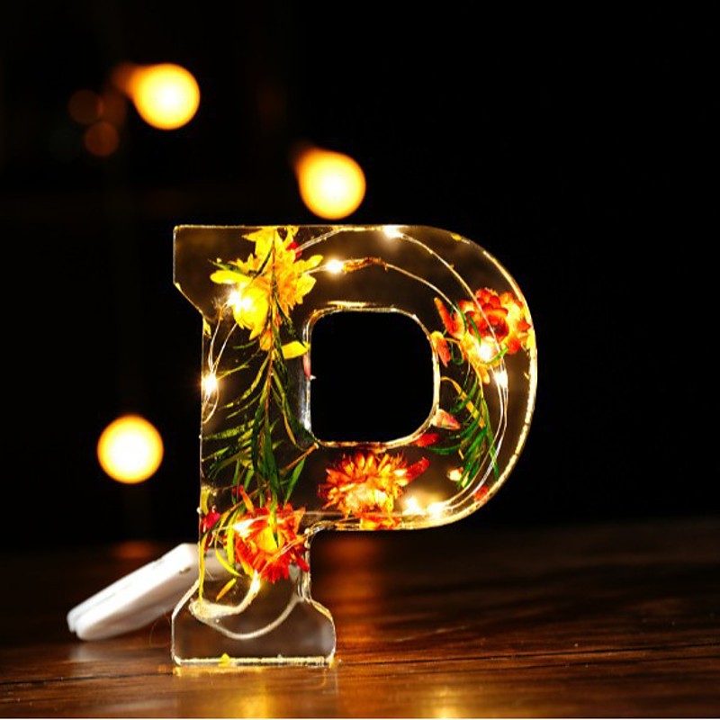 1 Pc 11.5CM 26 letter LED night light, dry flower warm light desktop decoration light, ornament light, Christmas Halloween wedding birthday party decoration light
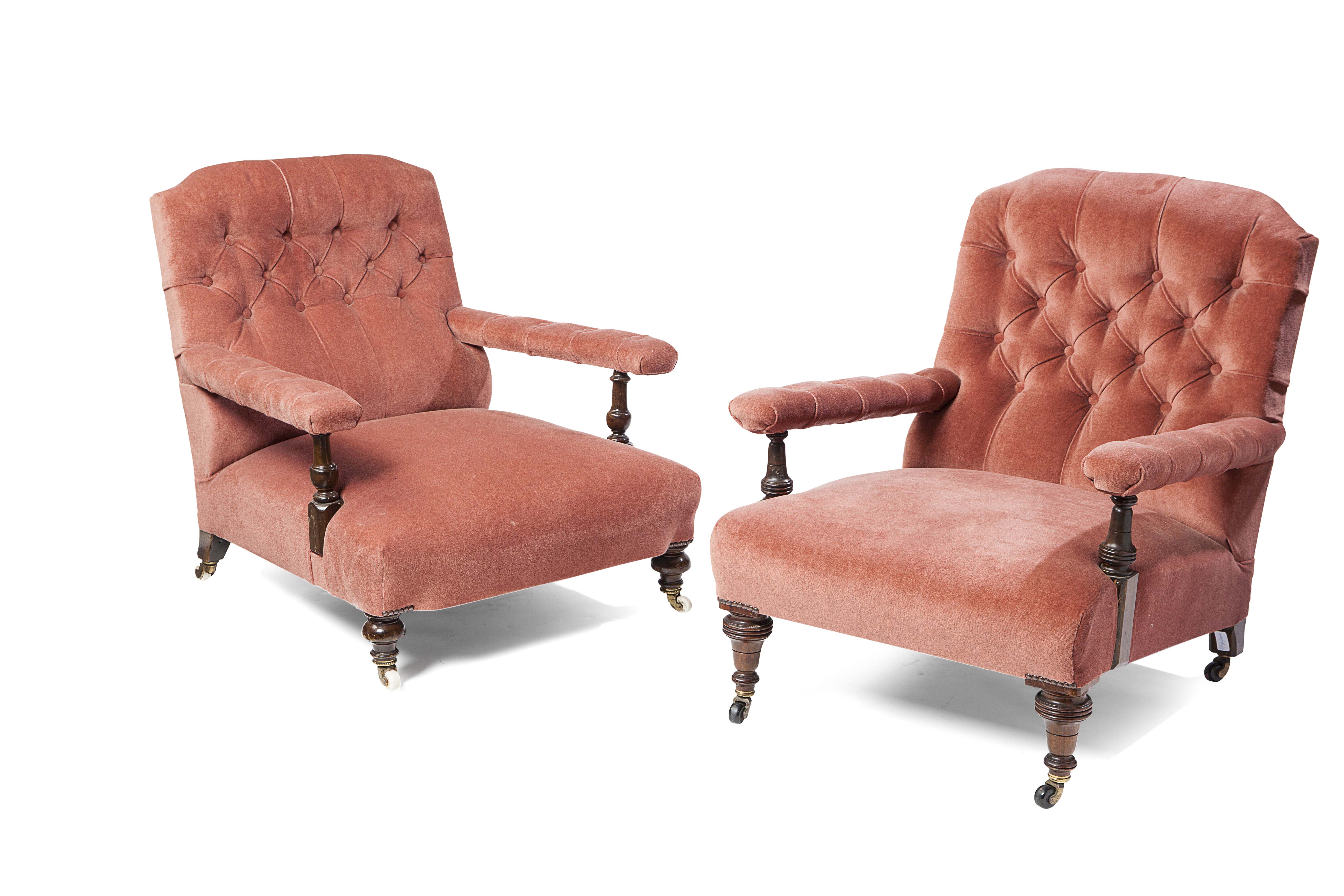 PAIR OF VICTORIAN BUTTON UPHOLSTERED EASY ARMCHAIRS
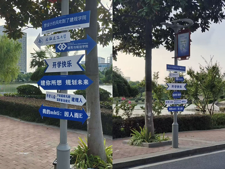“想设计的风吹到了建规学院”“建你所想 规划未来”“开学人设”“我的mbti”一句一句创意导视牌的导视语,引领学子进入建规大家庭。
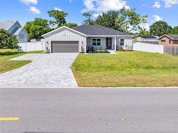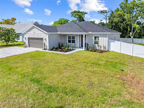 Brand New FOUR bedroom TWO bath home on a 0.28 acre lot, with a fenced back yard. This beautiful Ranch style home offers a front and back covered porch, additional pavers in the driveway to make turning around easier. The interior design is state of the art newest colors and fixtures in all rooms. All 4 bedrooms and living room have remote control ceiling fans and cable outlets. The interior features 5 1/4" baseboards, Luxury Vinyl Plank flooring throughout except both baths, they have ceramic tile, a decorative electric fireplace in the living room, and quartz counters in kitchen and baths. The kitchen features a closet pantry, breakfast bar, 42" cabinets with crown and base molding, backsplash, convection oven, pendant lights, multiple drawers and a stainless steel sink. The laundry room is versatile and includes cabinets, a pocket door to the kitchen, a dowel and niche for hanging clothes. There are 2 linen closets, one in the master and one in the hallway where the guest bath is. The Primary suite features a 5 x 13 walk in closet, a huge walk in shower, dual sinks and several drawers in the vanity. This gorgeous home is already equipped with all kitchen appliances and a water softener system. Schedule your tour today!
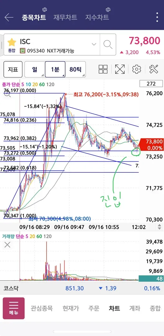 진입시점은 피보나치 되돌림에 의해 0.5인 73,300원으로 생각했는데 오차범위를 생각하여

--

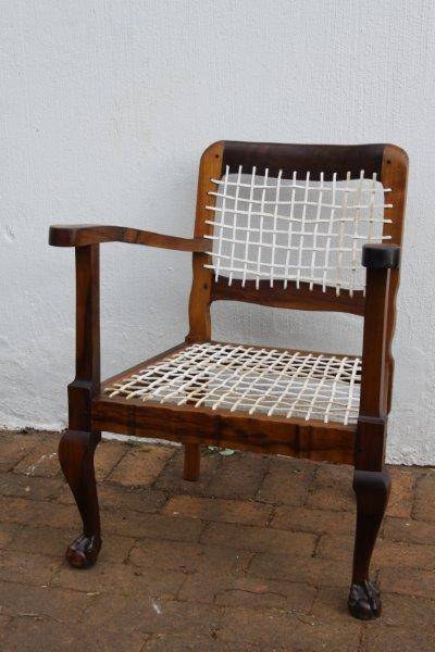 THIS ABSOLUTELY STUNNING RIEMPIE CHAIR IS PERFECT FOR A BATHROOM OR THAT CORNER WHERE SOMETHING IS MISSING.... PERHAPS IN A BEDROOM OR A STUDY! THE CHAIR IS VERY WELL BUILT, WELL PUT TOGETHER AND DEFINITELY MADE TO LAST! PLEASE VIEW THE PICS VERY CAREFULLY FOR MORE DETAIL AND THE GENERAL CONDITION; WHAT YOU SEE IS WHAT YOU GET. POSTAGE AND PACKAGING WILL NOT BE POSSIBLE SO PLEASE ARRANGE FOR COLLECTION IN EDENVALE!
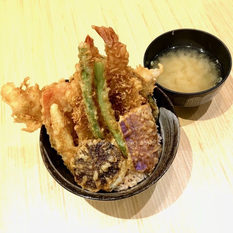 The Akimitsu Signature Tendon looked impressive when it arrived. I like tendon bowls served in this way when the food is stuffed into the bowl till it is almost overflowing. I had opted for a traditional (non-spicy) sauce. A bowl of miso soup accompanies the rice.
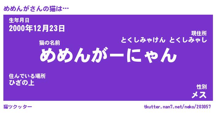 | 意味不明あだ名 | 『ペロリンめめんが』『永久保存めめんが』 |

What needs to be done:
Would you set down only the lines above from the line with "THIS ABSOLUTELY STUNNING" to the line with "意味不明あだ名 | 『ペロリンめめんが』『永久保存めめんが』 |", both included, exactly as they stand and without the pictures?

Response to the task:
 THIS ABSOLUTELY STUNNING RIEMPIE CHAIR IS PERFECT FOR A BATHROOM OR THAT CORNER WHERE SOMETHING IS MISSING.... PERHAPS IN A BEDROOM OR A STUDY! THE CHAIR IS VERY WELL BUILT, WELL PUT TOGETHER AND DEFINITELY MADE TO LAST! PLEASE VIEW THE PICS VERY CAREFULLY FOR MORE DETAIL AND THE GENERAL CONDITION; WHAT YOU SEE IS WHAT YOU GET. POSTAGE AND PACKAGING WILL NOT BE POSSIBLE SO PLEASE ARRANGE FOR COLLECTION IN EDENVALE!
 The Akimitsu Signature Tendon looked impressive when it arrived. I like tendon bowls served in this way when the food is stuffed into the bowl till it is almost overflowing. I had opted for a traditional (non-spicy) sauce. A bowl of miso soup accompanies the rice.
 | 意味不明あだ名 | 『ペロリンめめんが』『永久保存めめんが』 |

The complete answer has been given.